Transforming an existing application UI screen to a conversational UI would consume an inordinate amount of time and resources. For example, a development team would be required to acquire deep knowledge regarding the underlying text, voice or chatbot interaction service. Specifically, the development team must establish an end-to-end interaction model that depends on the underlying technology, the design and implementation of a proper interaction model (e.g., skills and intents), and integration into the application with respect to product standards (e.g., security, supportability, and lifecycle management).

Therefore, what is needed is a generic (e.g., voice- or text-based) way to access existing application UI screens. It is desired to provide an enhanced infrastructure for conversational UIs, where voice or text commands can be used to perform complex actions.

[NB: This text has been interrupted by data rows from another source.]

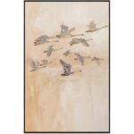 A symphony of motion captured in elegant simplicity, the Unison framed painting features geese in flight, set against a serene neutral backdrop. Art Deco inspired, and meticulously crafted with acrylic on canvas, each brushstroke contributes to the sense of forward movement.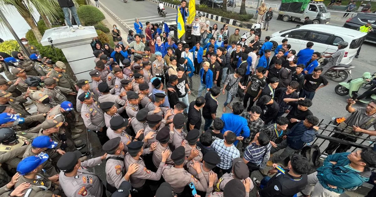 Meski sempat terjadi dorong-mendorong saat massa mencoba masuk ke area kantor gubernur, aparat kepolisian dan Satpol PP berhasil menjaga situasi tetap terkendali.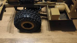 Zabudowę wywrotki wykonuje z twardego HIP--su. Całość pomaluje podkładem epoksydowym  oraz wojskową farbą  w sprayu (kolor COYOTE).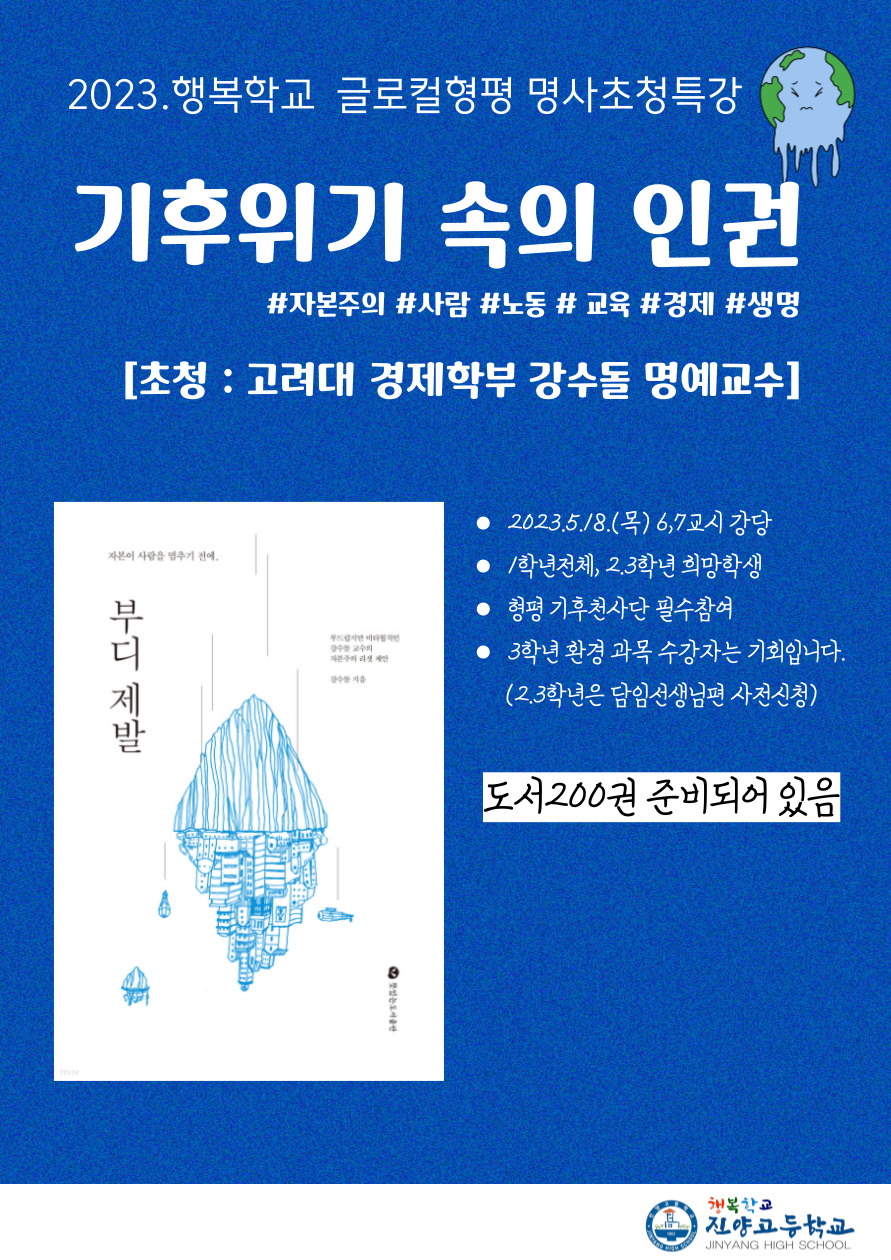 2023. 글로컬형평 '기후위기 속의 인권' 명사초청특강 안내홍보(5/18)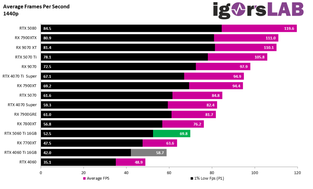Die 5070Ti hat auch ihre Schwächen, dennoch ist sie gegenüber der 9070XT noch etwas schneller, effizienter und spielt beim Pathtracing in einer anderen Liga.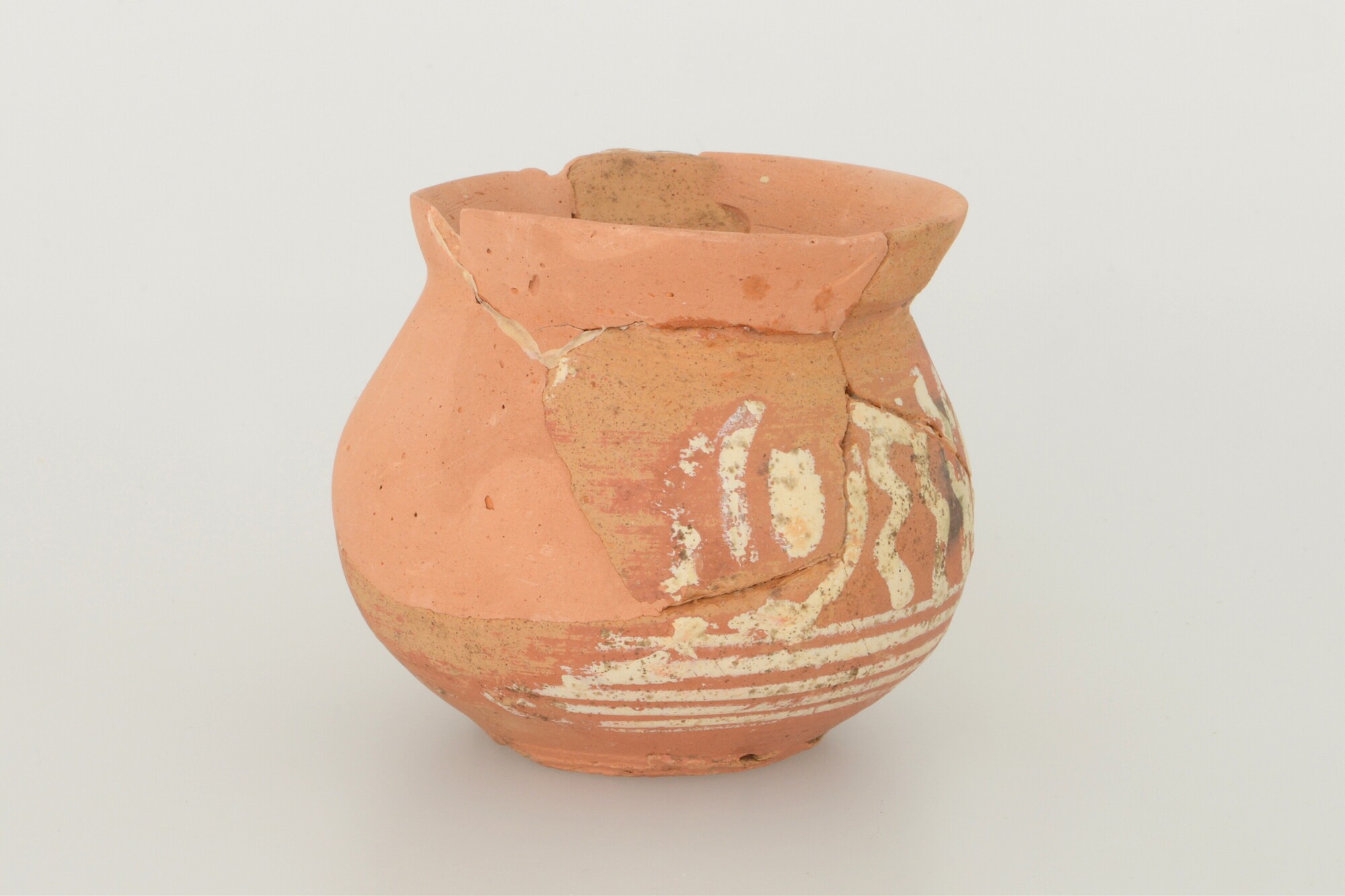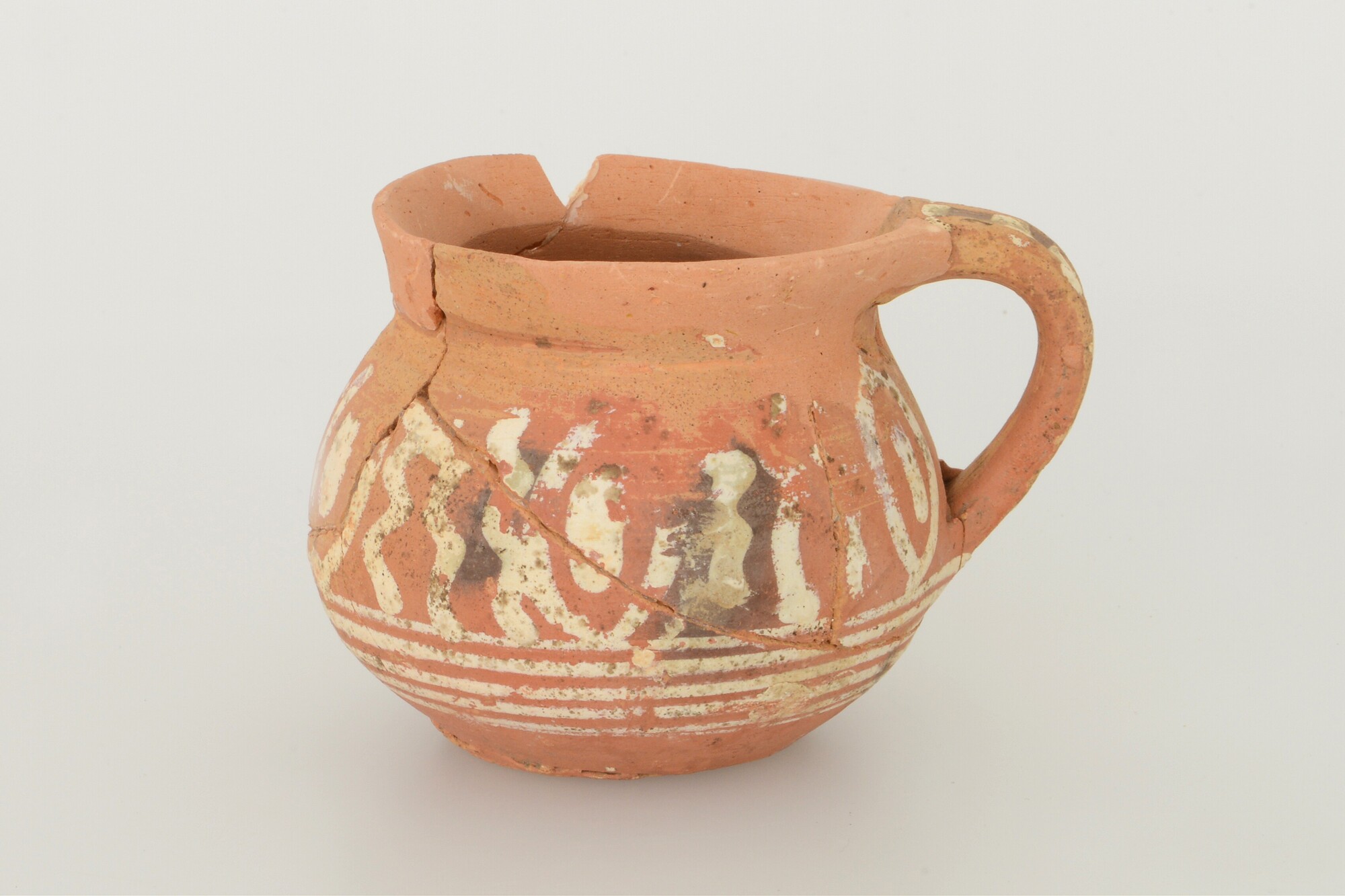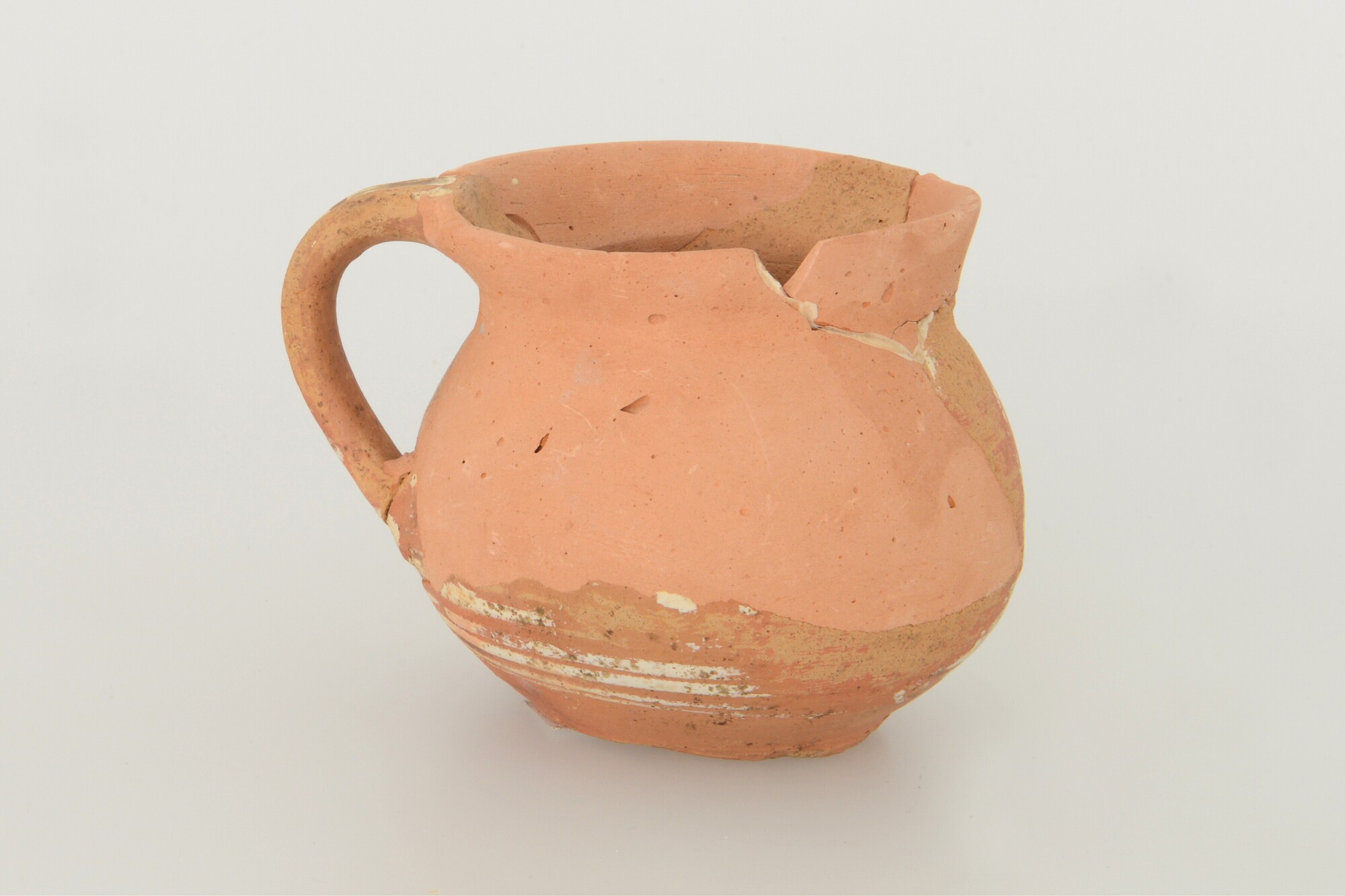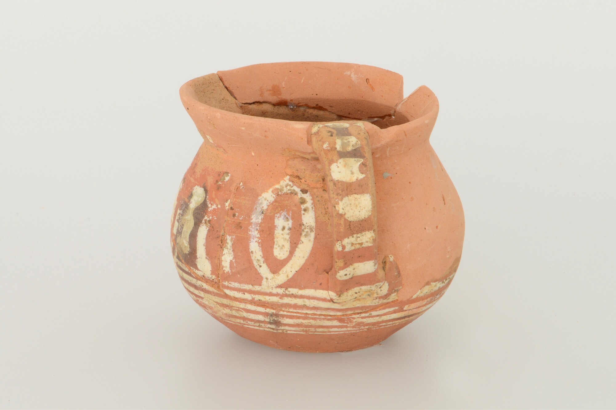 Kop/drinkvorm; r-kop; roodbakkend aardewerk; halffabricaat, biscuit; slibversiering: spiralen, concentrische cirkels, begrends door een drietal horizontale spiraalwindingen; verticaal lintoor; standvlak; productieplaats: Enkhuizen

BRIEF DESCRIPTION OF THE DRAWINGS

Features and advantages of the example embodiments, and the manner in which the same are accomplished, will become more readily apparent with reference to the following detailed description taken in conjunction with the accompanying drawings.

FIG. 1 is a block diagram of an overall system architecture according to some embodiments.

FIG. 2 is a sequence diagram of a use case according to some embodiments.

FIG. 3 is a flow diagram illustrating an exemplary process according to some embodiments.

FIG. 4 is a sequence diagram of a use case according to some embodiments.

FIG. 5 is a flow diagram illustrating an exemplary process according to some embodiments.

FIG. 6 is an outward view of a user interface according to some embodiments.

FIG. 7 is an outward view of a user interface according to some embodiments.

FIG. 8 is a block diagram of an apparatus according to some embodiments.

Throughout the drawings and the detailed description, unless otherwise described, the same drawing reference numerals will be understood to refer to the same elements, features, and structures. The relative size and depiction of these elements may be exaggerated or adjusted for clarity, illustration, and/or convenience.

DETAILED DESCRIPTION

In the following description, specific details are set forth in order to provide a thorough understanding of the various example embodiments. It should be appreciated that various modifications to the embodiments will be readily apparent to those in the art, and the generic principles defined herein may be applied to other embodiments and applications without departing from the spirit and scope of the disclosure. Moreover, in the following description, numerous details are set forth for the purpose of explanation. However, one of ordinary skill in the art should understand that embodiments may be practiced without the use of these specific details. In other instances, well-known structures and processes are not shown or described in order not to obscure the description with unnecessary detail. Thus, the present disclosure is not intended to be limited to the embodiments shown, but is to be accorded the widest scope consistent with the principles and features disclosed herein.

Described are embodiments directed to a UI interaction channel, and more specifically, enabling voice- or text-based access to UI screens of applications.

In general, the architecture described herein supports UI5 (e.g., SAPUI5/HTML/FIORI) based applications, but can also support other UI technologies (e.g., platforms) including, but not limited to Web Dynpro, WebGUI, SAPGUI, and Business Server Pages (BSP)) (e.g., web-based and non-web-based).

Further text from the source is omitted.